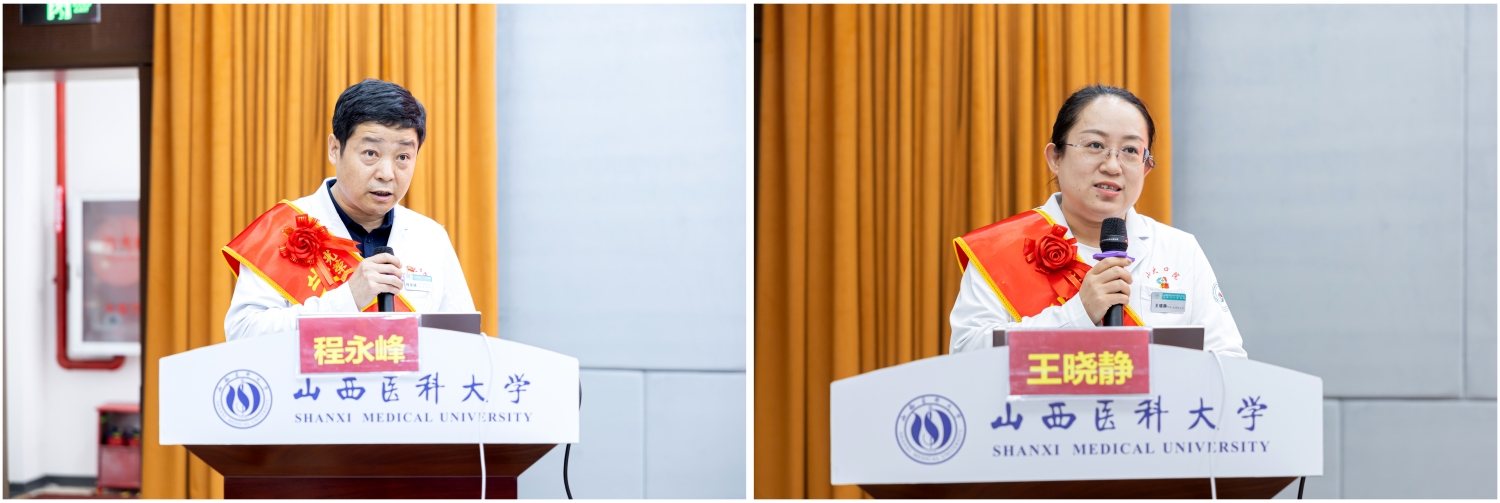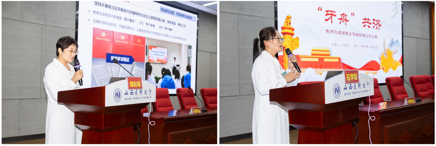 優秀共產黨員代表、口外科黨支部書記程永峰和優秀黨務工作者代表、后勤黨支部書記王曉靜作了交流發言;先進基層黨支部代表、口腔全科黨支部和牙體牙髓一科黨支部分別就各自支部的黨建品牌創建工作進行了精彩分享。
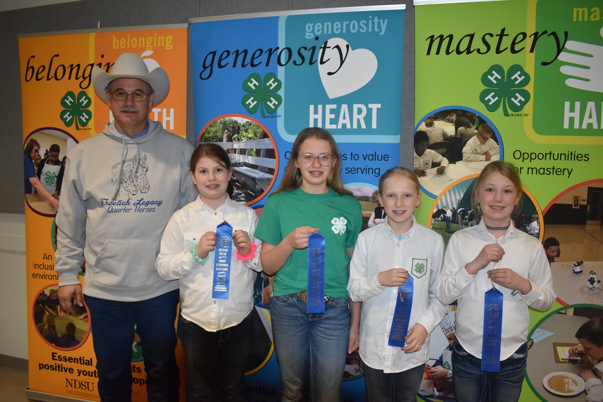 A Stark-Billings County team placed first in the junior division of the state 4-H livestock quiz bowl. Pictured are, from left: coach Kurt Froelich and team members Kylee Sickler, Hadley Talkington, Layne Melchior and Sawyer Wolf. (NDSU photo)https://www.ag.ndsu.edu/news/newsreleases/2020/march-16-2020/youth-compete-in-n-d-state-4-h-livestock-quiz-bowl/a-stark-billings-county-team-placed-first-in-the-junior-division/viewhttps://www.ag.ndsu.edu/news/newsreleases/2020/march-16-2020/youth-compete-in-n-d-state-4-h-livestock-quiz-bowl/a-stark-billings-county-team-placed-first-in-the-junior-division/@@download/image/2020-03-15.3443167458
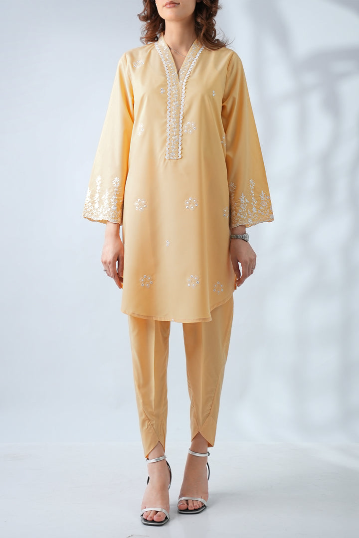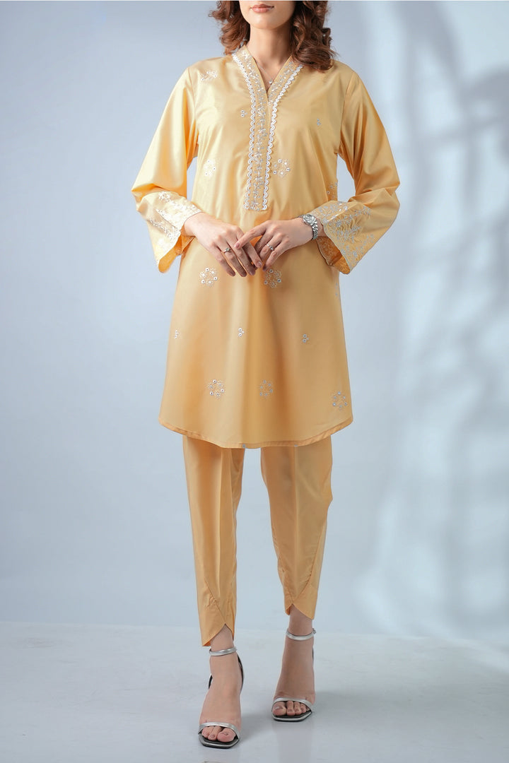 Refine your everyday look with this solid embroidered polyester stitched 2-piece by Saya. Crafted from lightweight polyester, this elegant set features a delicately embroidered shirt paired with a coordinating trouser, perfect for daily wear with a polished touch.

**Task directions:** Would you copy out every line of the data above exactly, minus the pictures?

**Task response:**
 優秀共產黨員代表、口外科黨支部書記程永峰和優秀黨務工作者代表、后勤黨支部書記王曉靜作了交流發言;先進基層黨支部代表、口腔全科黨支部和牙體牙髓一科黨支部分別就各自支部的黨建品牌創建工作進行了精彩分享。
 A Stark-Billings County team placed first in the junior division of the state 4-H livestock quiz bowl. Pictured are, from left: coach Kurt Froelich and team members Kylee Sickler, Hadley Talkington, Layne Melchior and Sawyer Wolf. (NDSU photo)https://www.ag.ndsu.edu/news/newsreleases/2020/march-16-2020/youth-compete-in-n-d-state-4-h-livestock-quiz-bowl/a-stark-billings-county-team-placed-first-in-the-junior-division/viewhttps://www.ag.ndsu.edu/news/newsreleases/2020/march-16-2020/youth-compete-in-n-d-state-4-h-livestock-quiz-bowl/a-stark-billings-county-team-placed-first-in-the-junior-division/@@download/image/2020-03-15.3443167458
 Refine your everyday look with this solid embroidered polyester stitched 2-piece by Saya. Crafted from lightweight polyester, this elegant set features a delicately embroidered shirt paired with a coordinating trouser, perfect for daily wear with a polished touch.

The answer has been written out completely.